The report was commissioned by the Association of Community Affiliated Plans, a group whose members cover more than 4 million Medicare and Medicaid beneficiaries. Of the 29 health plans in the association, 12 are special-needs plans or SNPs, according to the group's Web site.

In a news release, Avalere said it studied six not-for-profit Medicare managed care health plans across the country that entered the SNP insurance market over the last two years, documenting how the plans use highly tailored strategies and focused care models to provide benefits that the report said go beyond traditional models of insurance for dual-eligible beneficiaries: individuals who qualify for both Medicare and Medicaid. SNPs also cover beneficiaries who are institutionalized and patients with severe chronic diseases or conditions.

Some of the tailored services provided by the health plans include assignment of patient navigators who are dedicated to helping coordinate the complexities of Medicare and Medicaid benefits, deployments of intensive medical case management programs for those at highest clinical risk and enhanced benefit designs that cover dental care or other services that are not covered by Medicare or Medicaid.

"These six plans are using the SNP flexibilities as an opportunity to develop targeted programs that meet unique needs," the lead author of the paper, Avalere senior manager Ellen Lukens, said in the release. "Their approaches may serve as models of innovation for policymakers as they consider reauthorization of this program."

The number of SNPs grew to 477 plans operating in 2007 from 276 in 2006, according to Avalere. Authorization of the program sunsets Dec. 31, 2008, and Congress will need to reauthorize the program for it to continue.
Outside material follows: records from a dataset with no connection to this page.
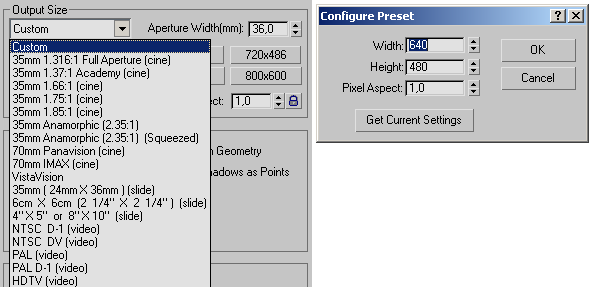 Щелчком правой кнопкой мыши по одной из кнопок стандартного разрешения раскрывается диалоговое окно «Выбор стандарта» (Configure Preset). Выпадающий список в этой группе содержит используемые в различных приложениях стандарты разрешений и пропорций. Из списка Output Size пользователь может выбрать параметры различных фото-, кино- и видеостандартов (Рис. 4.76).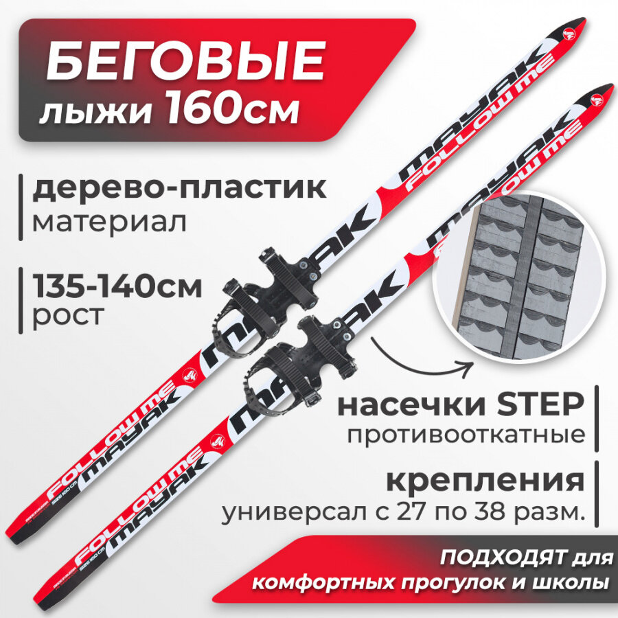 Лыжи беговые подростковые Маяк 160 см дерево-пластик (с насечками) с универсальными креплениями, красно-бело-черные интересное: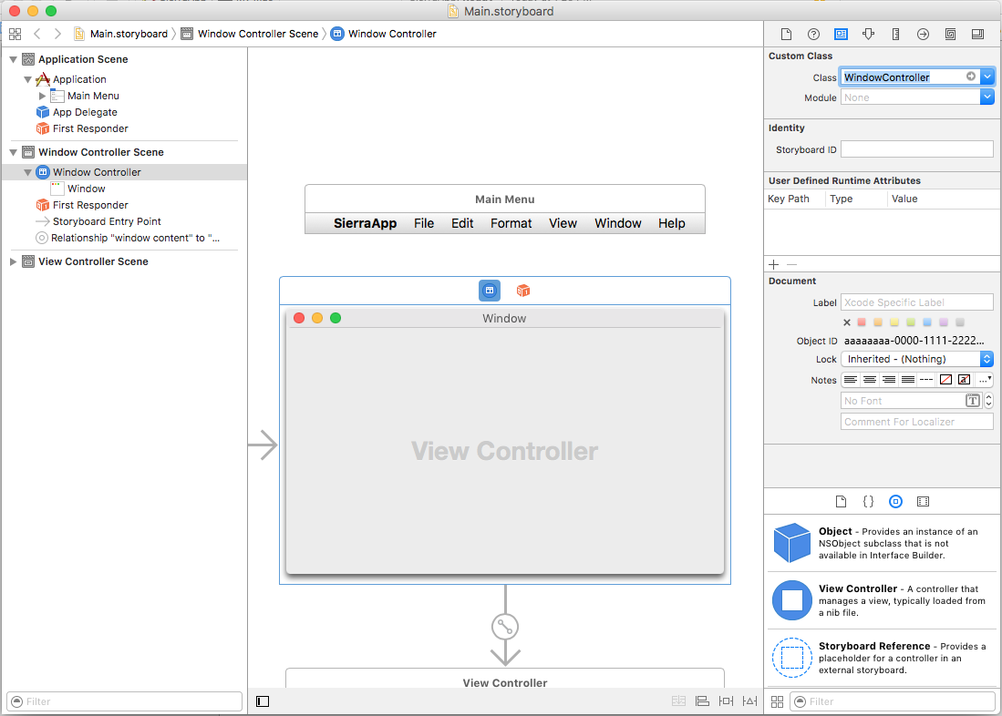 Switch to the Identity Inspector and enter "WindowController" as the Class Name: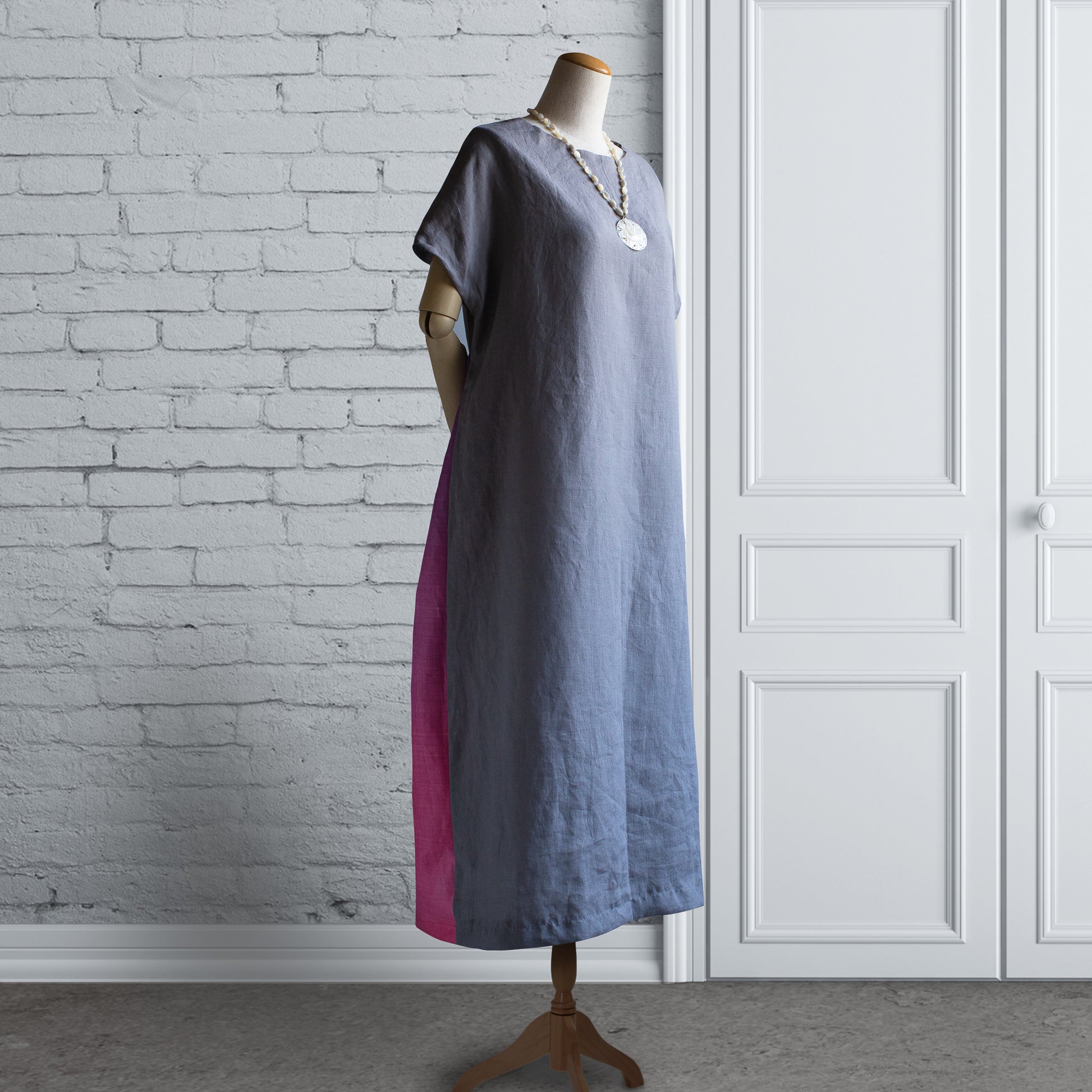 Signature リネン シルバーグレー×グラデーション ベリーベリー サイドタック ワンピース(フレンチスリーブ)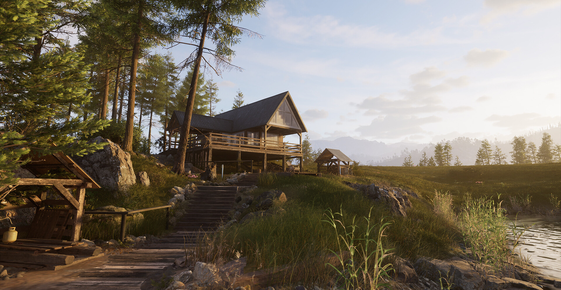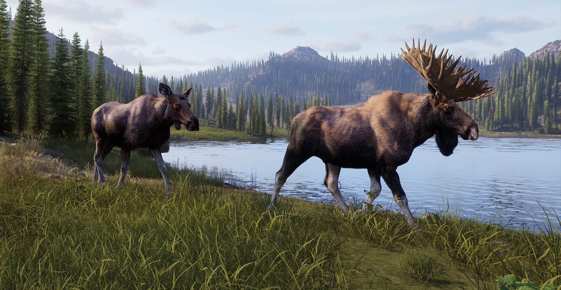 Мир поддерживает долгосрочную игру. Реальные бренды оружия и оборудования добавляют достоверности, а охотничий домик становится центром планирования, прогресса и демонстрации трофеев. Сюжетные задания в двух регионах дополняют симуляцию живыми персонажами и локальными историями, углубляя погружение.

At its December meeting, the Medicare Payment Advisory Commission (MedPAC) approved a recommendation to have Congress extend the authority to limit SNP enrollment for three additional years, with the extension to reflect a number of conditions specified in other recommendations the panel approved.

One of those stated that Congress should require the secretary of Health and Human Services to establish additional tailored performance measures for the plans and evaluate their performance on those measures every three years.

Another recommendation would have the HHS secretary provide beneficiaries and individuals who counsel them with information that compares SNPs' benefits and performance to those of other Medicare Advantage plans and traditional Medicare. Additional recommendations on SNPs would require the plans that serve dual-eligibles to work more closely with states within three years to better coordinate benefits with Medicaid, and would compel Congress to require SNPs to enroll at least 95 percent of their members from their target population.